Would you return the lines between the one holding "Use a caneta" and the one holding "该产品采用电动加压和手动加压", inclusive, and only those, exactly as they stand in the listing below?

Start of PROVIDED DATA

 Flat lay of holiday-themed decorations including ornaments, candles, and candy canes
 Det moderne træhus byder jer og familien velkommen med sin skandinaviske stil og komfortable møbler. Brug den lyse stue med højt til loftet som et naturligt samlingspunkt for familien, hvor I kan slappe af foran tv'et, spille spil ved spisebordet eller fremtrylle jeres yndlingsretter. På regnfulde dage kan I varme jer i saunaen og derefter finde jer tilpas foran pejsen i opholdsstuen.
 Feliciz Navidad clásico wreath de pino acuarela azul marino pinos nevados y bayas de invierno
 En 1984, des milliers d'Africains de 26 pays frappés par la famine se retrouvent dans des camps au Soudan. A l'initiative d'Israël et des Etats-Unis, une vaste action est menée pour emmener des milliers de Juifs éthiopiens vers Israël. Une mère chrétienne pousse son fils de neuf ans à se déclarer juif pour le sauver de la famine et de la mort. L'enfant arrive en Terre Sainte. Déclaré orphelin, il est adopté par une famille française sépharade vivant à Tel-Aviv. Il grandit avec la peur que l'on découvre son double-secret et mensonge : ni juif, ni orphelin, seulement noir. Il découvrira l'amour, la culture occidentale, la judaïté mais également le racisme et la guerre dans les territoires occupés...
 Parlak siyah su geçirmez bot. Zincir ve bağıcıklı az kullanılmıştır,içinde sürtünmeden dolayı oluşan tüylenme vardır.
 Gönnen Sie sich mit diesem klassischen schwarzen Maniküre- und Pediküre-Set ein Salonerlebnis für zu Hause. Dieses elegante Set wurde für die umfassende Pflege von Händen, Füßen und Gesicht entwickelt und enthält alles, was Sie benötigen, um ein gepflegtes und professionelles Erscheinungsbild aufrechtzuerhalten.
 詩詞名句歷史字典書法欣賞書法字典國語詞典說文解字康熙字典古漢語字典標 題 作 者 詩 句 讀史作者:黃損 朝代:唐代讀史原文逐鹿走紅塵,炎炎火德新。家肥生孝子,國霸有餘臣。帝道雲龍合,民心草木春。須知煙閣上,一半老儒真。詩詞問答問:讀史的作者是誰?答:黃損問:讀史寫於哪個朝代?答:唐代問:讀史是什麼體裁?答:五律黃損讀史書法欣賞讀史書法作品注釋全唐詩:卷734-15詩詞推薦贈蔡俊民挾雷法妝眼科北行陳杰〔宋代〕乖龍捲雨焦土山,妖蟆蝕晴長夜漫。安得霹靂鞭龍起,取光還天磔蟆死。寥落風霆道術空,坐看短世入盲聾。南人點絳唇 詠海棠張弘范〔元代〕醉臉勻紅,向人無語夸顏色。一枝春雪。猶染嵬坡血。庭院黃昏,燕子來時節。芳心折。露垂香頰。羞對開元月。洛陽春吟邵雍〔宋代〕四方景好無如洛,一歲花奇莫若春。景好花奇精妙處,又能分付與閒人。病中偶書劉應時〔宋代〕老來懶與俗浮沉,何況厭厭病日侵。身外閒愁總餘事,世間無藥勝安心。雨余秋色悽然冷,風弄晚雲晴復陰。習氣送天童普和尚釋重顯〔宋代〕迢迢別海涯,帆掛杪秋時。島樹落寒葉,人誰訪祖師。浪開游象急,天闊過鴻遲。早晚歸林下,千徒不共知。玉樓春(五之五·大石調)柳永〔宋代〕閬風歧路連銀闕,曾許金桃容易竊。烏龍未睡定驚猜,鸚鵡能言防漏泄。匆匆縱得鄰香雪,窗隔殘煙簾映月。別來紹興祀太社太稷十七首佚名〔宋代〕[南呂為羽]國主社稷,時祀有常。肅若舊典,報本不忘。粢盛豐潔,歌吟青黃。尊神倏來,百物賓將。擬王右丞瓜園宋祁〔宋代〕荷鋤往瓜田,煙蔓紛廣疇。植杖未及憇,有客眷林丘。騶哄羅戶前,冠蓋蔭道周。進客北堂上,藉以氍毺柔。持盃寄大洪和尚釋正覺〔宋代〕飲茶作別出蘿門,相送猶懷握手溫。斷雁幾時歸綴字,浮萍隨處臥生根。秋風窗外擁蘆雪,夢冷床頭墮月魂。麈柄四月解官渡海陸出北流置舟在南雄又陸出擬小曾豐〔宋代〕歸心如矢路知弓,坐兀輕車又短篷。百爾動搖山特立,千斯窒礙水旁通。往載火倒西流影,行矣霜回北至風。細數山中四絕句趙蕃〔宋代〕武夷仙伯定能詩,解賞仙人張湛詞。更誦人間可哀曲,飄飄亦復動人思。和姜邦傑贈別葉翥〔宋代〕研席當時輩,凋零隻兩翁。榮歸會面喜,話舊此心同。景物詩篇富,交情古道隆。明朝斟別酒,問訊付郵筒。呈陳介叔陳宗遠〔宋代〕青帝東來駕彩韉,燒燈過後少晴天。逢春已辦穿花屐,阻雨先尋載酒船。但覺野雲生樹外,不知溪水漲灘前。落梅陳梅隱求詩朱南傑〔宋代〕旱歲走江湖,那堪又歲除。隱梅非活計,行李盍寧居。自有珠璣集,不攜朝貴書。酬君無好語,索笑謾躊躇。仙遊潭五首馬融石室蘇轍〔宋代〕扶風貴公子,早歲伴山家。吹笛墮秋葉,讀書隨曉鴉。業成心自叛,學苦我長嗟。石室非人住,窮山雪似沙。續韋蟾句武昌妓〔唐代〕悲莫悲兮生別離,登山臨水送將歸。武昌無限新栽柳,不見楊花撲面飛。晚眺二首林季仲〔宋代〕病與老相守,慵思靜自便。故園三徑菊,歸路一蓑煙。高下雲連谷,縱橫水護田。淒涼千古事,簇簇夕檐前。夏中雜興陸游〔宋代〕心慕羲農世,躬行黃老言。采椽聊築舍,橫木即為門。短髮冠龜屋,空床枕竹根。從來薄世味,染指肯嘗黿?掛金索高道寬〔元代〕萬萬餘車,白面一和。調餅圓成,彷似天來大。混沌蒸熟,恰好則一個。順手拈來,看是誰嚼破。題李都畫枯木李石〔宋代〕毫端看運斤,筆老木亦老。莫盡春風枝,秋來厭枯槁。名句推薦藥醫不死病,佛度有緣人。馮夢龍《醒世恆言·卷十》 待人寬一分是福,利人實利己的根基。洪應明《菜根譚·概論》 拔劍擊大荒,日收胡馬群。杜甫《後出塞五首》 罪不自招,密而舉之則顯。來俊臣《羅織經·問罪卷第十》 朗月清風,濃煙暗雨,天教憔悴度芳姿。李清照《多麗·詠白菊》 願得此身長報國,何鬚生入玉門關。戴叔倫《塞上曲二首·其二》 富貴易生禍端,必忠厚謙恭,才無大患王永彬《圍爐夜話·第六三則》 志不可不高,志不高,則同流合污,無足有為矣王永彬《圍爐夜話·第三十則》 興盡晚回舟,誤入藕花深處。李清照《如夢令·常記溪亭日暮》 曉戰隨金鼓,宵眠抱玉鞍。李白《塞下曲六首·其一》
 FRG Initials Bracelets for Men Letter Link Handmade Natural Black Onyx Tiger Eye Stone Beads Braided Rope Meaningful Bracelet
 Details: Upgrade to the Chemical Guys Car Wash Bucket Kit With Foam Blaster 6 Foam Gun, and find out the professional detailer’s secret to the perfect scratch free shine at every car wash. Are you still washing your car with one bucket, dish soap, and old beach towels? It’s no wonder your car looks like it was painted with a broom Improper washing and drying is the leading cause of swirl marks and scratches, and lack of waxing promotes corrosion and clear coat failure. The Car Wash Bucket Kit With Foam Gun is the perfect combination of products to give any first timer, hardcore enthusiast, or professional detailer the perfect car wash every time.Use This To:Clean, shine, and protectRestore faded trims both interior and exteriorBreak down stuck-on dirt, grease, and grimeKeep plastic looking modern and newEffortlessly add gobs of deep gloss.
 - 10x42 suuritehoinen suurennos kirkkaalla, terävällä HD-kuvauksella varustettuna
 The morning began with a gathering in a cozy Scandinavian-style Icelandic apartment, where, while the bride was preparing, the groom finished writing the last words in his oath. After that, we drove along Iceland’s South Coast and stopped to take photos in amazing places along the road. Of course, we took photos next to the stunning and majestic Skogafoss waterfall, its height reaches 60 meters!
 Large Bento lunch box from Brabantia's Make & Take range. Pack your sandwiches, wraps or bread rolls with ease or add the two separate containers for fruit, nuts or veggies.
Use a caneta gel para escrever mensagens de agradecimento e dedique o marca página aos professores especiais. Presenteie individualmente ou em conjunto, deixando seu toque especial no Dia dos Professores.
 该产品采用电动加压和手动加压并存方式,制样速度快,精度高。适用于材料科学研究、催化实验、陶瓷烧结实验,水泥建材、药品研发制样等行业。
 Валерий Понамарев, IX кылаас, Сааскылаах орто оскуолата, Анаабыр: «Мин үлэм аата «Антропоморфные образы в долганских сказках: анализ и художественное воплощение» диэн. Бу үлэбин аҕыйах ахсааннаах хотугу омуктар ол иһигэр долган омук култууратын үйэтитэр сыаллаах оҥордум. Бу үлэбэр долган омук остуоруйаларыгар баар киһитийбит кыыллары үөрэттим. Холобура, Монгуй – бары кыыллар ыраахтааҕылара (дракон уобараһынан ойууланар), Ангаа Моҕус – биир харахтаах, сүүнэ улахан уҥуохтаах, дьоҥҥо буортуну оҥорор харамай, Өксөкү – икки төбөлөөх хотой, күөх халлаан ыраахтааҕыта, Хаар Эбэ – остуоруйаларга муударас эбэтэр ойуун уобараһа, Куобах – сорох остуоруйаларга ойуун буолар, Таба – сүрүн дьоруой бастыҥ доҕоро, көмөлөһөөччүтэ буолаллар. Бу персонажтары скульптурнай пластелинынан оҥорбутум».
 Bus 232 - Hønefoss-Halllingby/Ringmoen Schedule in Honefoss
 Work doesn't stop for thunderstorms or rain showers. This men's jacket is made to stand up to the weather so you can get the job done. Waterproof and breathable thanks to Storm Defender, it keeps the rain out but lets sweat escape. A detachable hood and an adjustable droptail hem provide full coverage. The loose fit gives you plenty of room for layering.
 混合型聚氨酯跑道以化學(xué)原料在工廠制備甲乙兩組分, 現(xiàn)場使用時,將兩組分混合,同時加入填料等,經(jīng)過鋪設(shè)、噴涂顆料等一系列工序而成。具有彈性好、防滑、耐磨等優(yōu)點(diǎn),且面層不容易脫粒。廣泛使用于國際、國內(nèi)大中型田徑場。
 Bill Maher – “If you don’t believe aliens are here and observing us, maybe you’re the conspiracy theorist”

End of PROVIDED DATA

SOLVED EXERCISE.
Use a caneta gel para escrever mensagens de agradecimento e dedique o marca página aos professores especiais. Presenteie individualmente ou em conjunto, deixando seu toque especial no Dia dos Professores.
 该产品采用电动加压和手动加压并存方式,制样速度快,精度高。适用于材料科学研究、催化实验、陶瓷烧结实验,水泥建材、药品研发制样等行业。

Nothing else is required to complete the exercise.